Remote sensing thematic analysis has over 250 directions (updated annually), the basics are established by the UN division (UN Office for Outer Space Affairs (UNOOSA) and the "Principles relating to remote sensing of the Earth from space" Declaration (Adopted by resolution 41/65 of the General Assembly dated December 3, 1986).

Analysis of data obtained using remote sensing is widely used in areas such as geography, ecology, agriculture, urban planning, geology, geodesy, as well as in disaster monitoring, resource planning, and other areas. This method becomes an effective decision-making tool and provides important information about the Earth from space.

The content and purpose of decoding are to obtain a certain amount of qualitative and quantitative information about the state, composition, structure, sizes, interrelationships, and dynamics of processes, phenomena, and objects using decoding features.

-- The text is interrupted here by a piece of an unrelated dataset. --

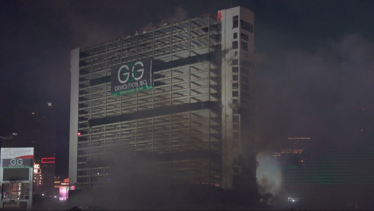 The 22-story resort hotel, which opened in 1957 and featured in the 1971 James Bond film “Diamonds Are Forever” and “The Godfather” the following year, closed its doors April 2. But it didn’t go down in darkness: In true Vegas fashion, the city turned the building’s 2:30 a.m. implosion into a party, replete with a drone and a fireworks display.
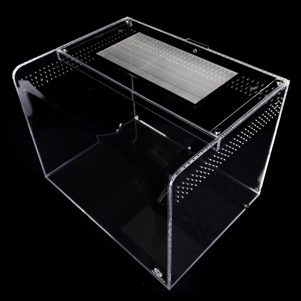 Introducing the Terra-Curve, our biggest enclosure yet! Crafted with ultra-clear, high-quality altered acrylic, this enclosure offers unparalleled clarity and durability for keepers of the largest arachnids, reptiles, and amphibians. Whether you’re housing a massive Goliath bird-eating tarantula or small reptiles like dark frogs or amphibians, the Terra-Curve provides a spacious and customizable environment for your pet. Comes with standard acrylic lid

There are three main methods of decoding remote sensing data:

  • visual decoding (visual image interpretation);
  • measuring decoding (image measuring);
  • automatic decoding.

Given that modern technologies for using satellite imagery involve digital data processing, measuring decoding is now partially reduced to calculations of the geometric properties of decoded objects. Thus, there are still two main decoding methods - visual (expert) and automatic (automated). The latter includes tasks of image classification with or without training (image classification), pattern recognition, computer vision, and ultimately, machine learning as a promising direction that ensures the self-learning process of recognition algorithms. However, a significant part of decoding work is still done manually.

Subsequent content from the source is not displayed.